DATASET EXTRACT:
****
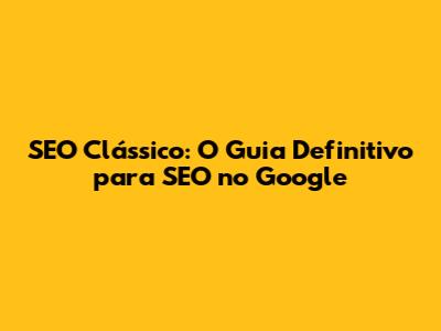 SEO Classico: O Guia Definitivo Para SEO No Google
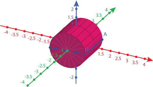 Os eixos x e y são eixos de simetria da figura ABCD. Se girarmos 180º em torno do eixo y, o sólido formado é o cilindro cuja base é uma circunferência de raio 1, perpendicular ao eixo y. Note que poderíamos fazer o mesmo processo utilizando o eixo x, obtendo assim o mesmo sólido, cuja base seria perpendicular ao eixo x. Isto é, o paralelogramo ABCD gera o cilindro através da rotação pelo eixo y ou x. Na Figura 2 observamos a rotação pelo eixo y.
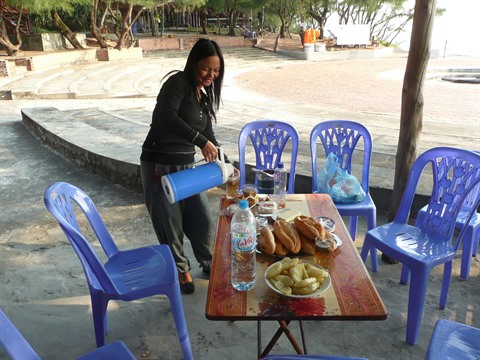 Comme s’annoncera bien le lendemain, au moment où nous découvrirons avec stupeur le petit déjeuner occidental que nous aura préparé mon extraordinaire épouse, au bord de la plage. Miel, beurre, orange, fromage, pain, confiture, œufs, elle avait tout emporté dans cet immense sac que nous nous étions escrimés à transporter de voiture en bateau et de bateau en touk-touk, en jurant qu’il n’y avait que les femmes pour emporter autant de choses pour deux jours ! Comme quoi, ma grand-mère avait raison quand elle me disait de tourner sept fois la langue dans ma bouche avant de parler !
****
EXERCISE DETAILS:
All the material shown above is to be copied exactly, with no pictures carried over.

EXERCISE ANSWER:
 SEO Classico: O Guia Definitivo Para SEO No Google
 Os eixos x e y são eixos de simetria da figura ABCD. Se girarmos 180º em torno do eixo y, o sólido formado é o cilindro cuja base é uma circunferência de raio 1, perpendicular ao eixo y. Note que poderíamos fazer o mesmo processo utilizando o eixo x, obtendo assim o mesmo sólido, cuja base seria perpendicular ao eixo x. Isto é, o paralelogramo ABCD gera o cilindro através da rotação pelo eixo y ou x. Na Figura 2 observamos a rotação pelo eixo y.
 Comme s’annoncera bien le lendemain, au moment où nous découvrirons avec stupeur le petit déjeuner occidental que nous aura préparé mon extraordinaire épouse, au bord de la plage. Miel, beurre, orange, fromage, pain, confiture, œufs, elle avait tout emporté dans cet immense sac que nous nous étions escrimés à transporter de voiture en bateau et de bateau en touk-touk, en jurant qu’il n’y avait que les femmes pour emporter autant de choses pour deux jours ! Comme quoi, ma grand-mère avait raison quand elle me disait de tourner sept fois la langue dans ma bouche avant de parler !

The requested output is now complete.